Begin with the first line below and retype each line exactly through the line containing "Rustic wooden open". Any pictures are to be left out.

┌─ Recorded information

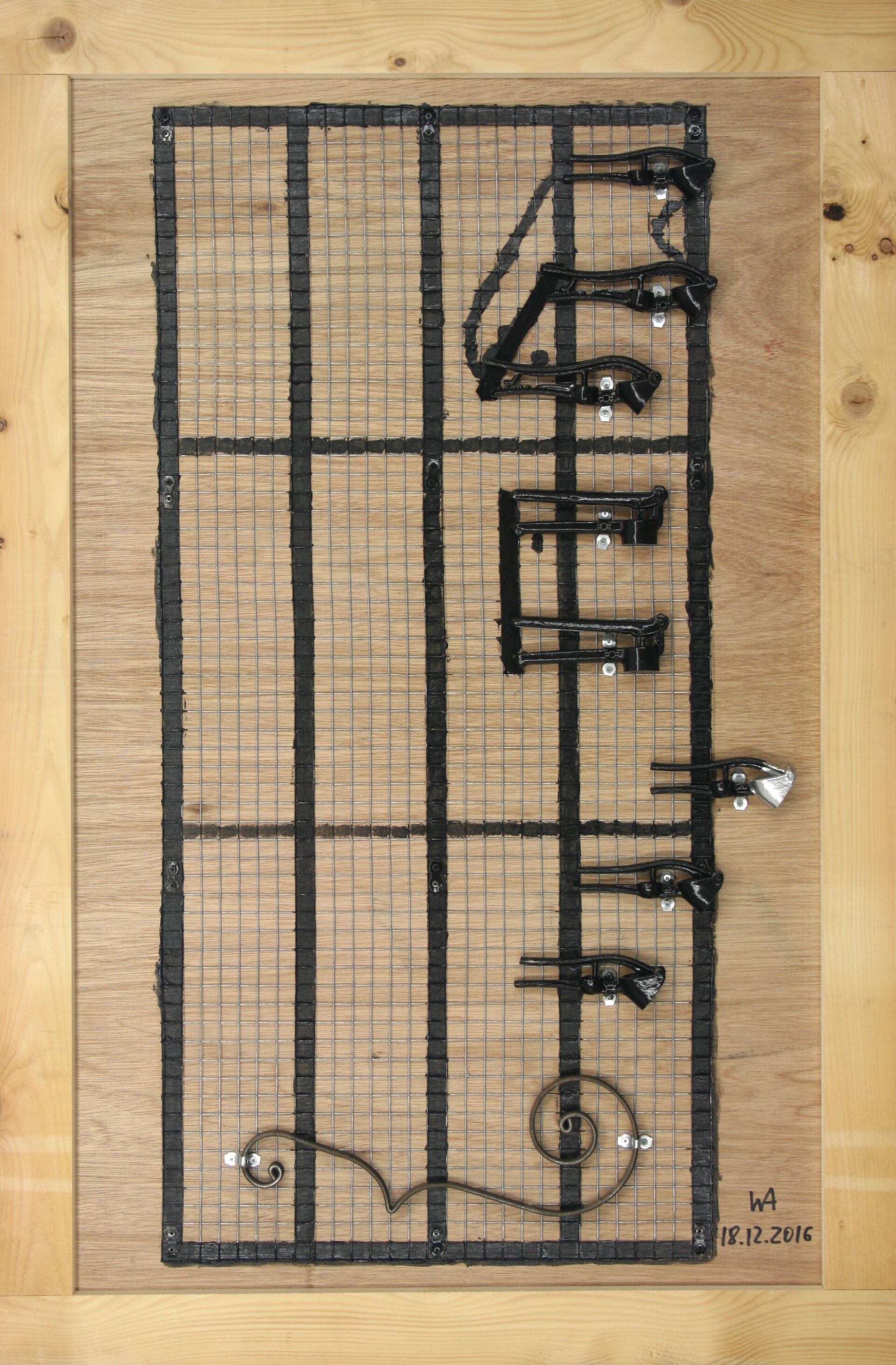 Tabla, malla de alambre, exprimidoras de ajos, adorno de barandilla
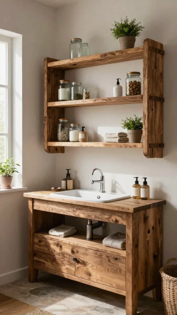 Rustic wooden open shelves bring a cozy touch to your bathroom, infusing it with warmth and natural beauty. Crafted from reclaimed wood, these shelves add character and a sense of history, creating a delightful contrast when paired with sleek modern fixtures. Displaying vintage apothecary jars or lush greenery on these shelves can enhance the inviting atmosphere of your space.
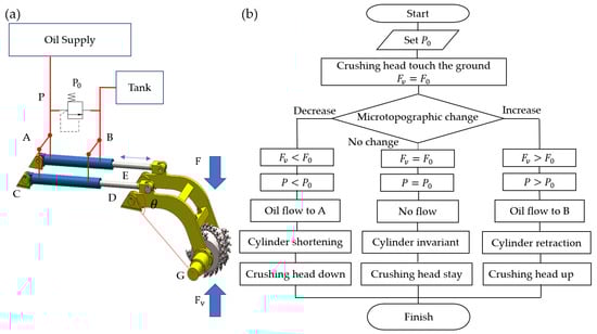 In the current research, utilizing the mechanical property difference between the crust and substrate, the cutting force based self-adaptive control is proposed and tested as well. The adaptation system is as shown in Figure 4a, it consists of the cutter head, hydraulic cylinders, relief valve, and oil supply. Hydraulic cylinder parameters are shown in Table 6.
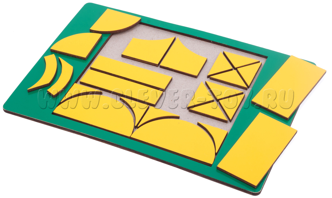 Головоломка Джунгли представляет собой квадрат разделенный на 24 элемента различных форм. Игра включает в себя набор заданий с различным уровнем сложности, чтобы ребенок мог постепенно развивать свои умственные и творческие способности.
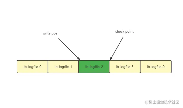 write pos将记录当前位置,同时向后移动,在ib-log-file-3文件末尾后,然后返回ib-logfilg-0文件开始写。
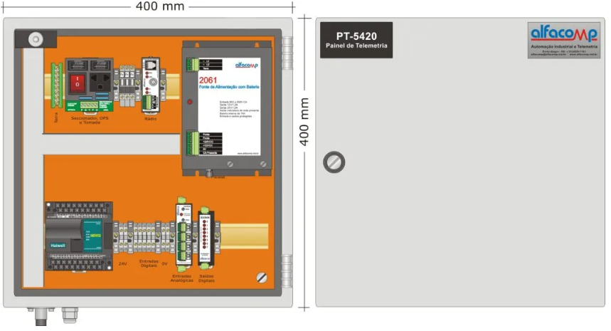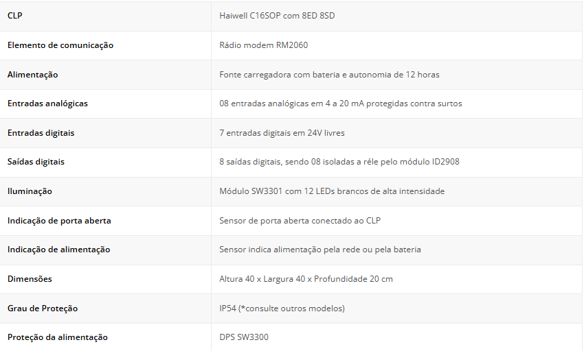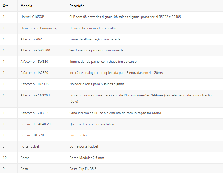 Baseado no CLP Haiwell modelo C16SOP, o painel apresenta alto índice de integração, modularidade, facilidade de manutenção e protocolo MODBUS RTU mestre e escravo, resultando em uma montagem de alto desempenho e baixo custo. O quadro está programado para controlar e monitorar:

└─

# Exercise output
 Tabla, malla de alambre, exprimidoras de ajos, adorno de barandilla
 Rustic wooden open shelves bring a cozy touch to your bathroom, infusing it with warmth and natural beauty. Crafted from reclaimed wood, these shelves add character and a sense of history, creating a delightful contrast when paired with sleek modern fixtures. Displaying vintage apothecary jars or lush greenery on these shelves can enhance the inviting atmosphere of your space.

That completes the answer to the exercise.